IEEE Trans Cybern. 2022 Jun;52(6):5267-5277. doi: 10.1109/TCYB.2020.3029077. Epub 2022 Jun 16.
Through vehicle-to-vehicle (V2V) communication, both human-driven and autonomous vehicles can actively exchange data, such as velocities and bumper-to-bumper distances. Employing the shared data, control laws with improved performance can be designed for connected and autonomous vehicles (CAVs). In this article, taking into account human-vehicle interaction and heterogeneous driver behavior, an adaptive optimal control design method is proposed for a platoon mixed with multiple preceding human-driven vehicles and one CAV at the tail. It is shown that by using reinforcement learning and adaptive dynamic programming techniques, a near-optimal controller can be learned from real-time data for the CAV with V2V communications, but without the precise knowledge of the accurate car-following parameters of any driver in the platoon. The proposed method allows the CAV controller to adapt to different platoon dynamics caused by the unknown and heterogeneous driver-dependent parameters. To improve the safety performance during the learning process, our off-policy learning algorithm can leverage both the historical data and the data collected in real time, which leads to considerably reduced learning time duration. The effectiveness and efficiency of our proposed method is demonstrated by rigorous proofs and microscopic traffic simulations.

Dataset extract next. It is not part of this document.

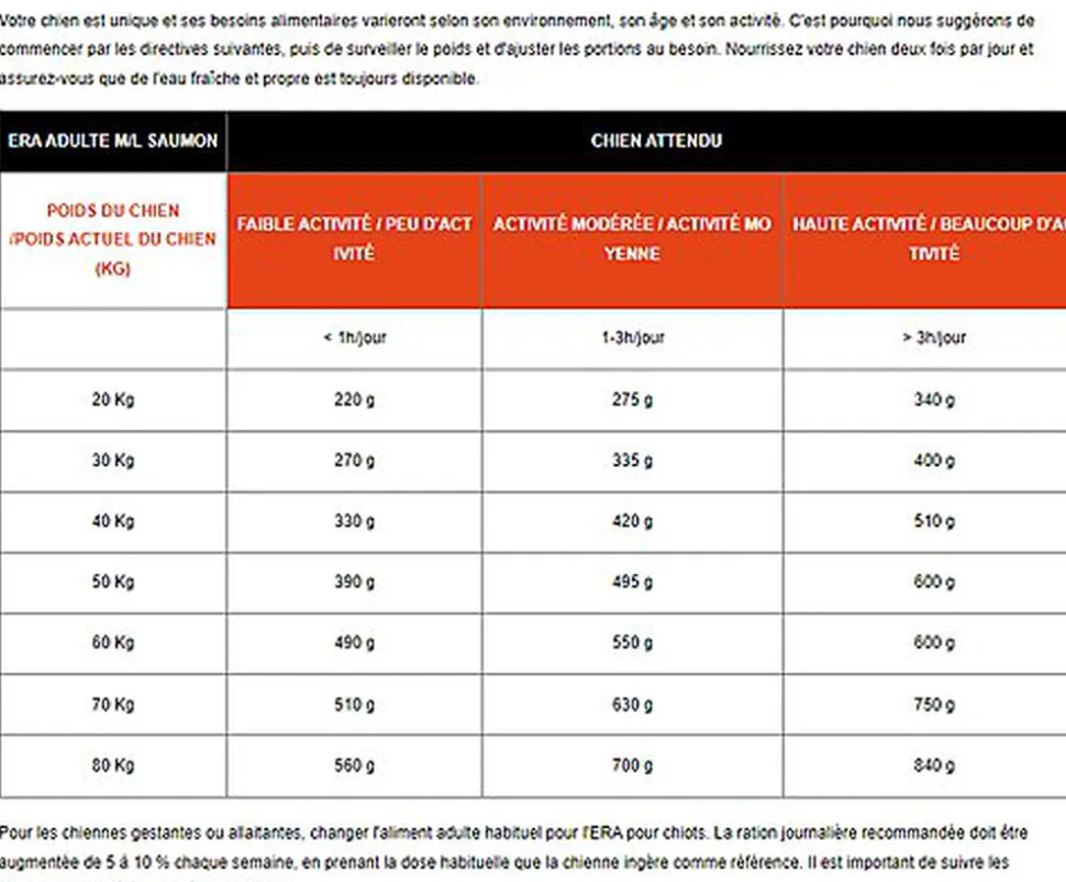 | Composition | Saumon frais (27 %), protéine de hareng déshydratée (24 %), riz complet (11 %), pois jaunes (10 %), graisse de poulet (7 %, conservée avec des tocophérols naturels), patate douce (5 %), pulpe de pomme déshydratée (3 %), protéine de pois (3 %), pulpe de betterave déshydratée (3 %), huile de saumon (2 %), graines de lin (1,5 %), épinards déshydratés (0,5 %), citrouille (0,5 %), caroube déshydratée (0,5 %), pulpe de tomate déshydratée (0,5 %), algues marines déshydratées (Ascophyllum nodosum, 0,4 %), carbonate de calcium (0,363 %), grenade déshydratée (0,2 %), myrtilles déshydratées (0,2 %), canneberges déshydratées (0,2 %), glucosamine (0,026 %), levure (source de mannan-oligosaccharides, 0,02 %), extrait d’agrumes (0,02 %), sulfate de chondroïtine (0,016 %), racine de chicorée (source de fructo-oligosaccharides, 0,01 %), yucca Mojave (0,01 %), calendula déshydratée (0,01 %), moules à lèvres vertes (0,005 %), graines de chardon-Marie déshydratées (0,005 %), échinacée déshydratée (Echinacea purpurea, 0,005 %), thym déshydraté (0,005 %), romarin déshydraté (0,005 %). |

通过车对车(V2V)通信,无论是人类驾驶的车辆还是自动驾驶的车辆都可以主动交换数据,例如速度和车距。利用共享数据,可以为联网和自动驾驶车辆(CAV)设计具有改进性能的控制律。在本文中,考虑到人车交互和异质驾驶员行为,提出了一种用于混合多辆前车和一辆尾部 CAV 的车队的自适应最优控制设计方法。结果表明,通过使用强化学习和自适应动态规划技术,可以从具有 V2V 通信的 CAV 的实时数据中学习到近最优控制器,而无需精确了解车队中任何驾驶员的精确跟驰参数。所提出的方法允许 CAV 控制器适应由未知和异质驾驶员相关参数引起的不同的车队动力学。为了在学习过程中提高安全性,我们的非策略学习算法可以利用历史数据和实时收集的数据,从而大大缩短学习时间。通过严格的证明和微观交通模拟,验证了我们所提出的方法的有效性和效率。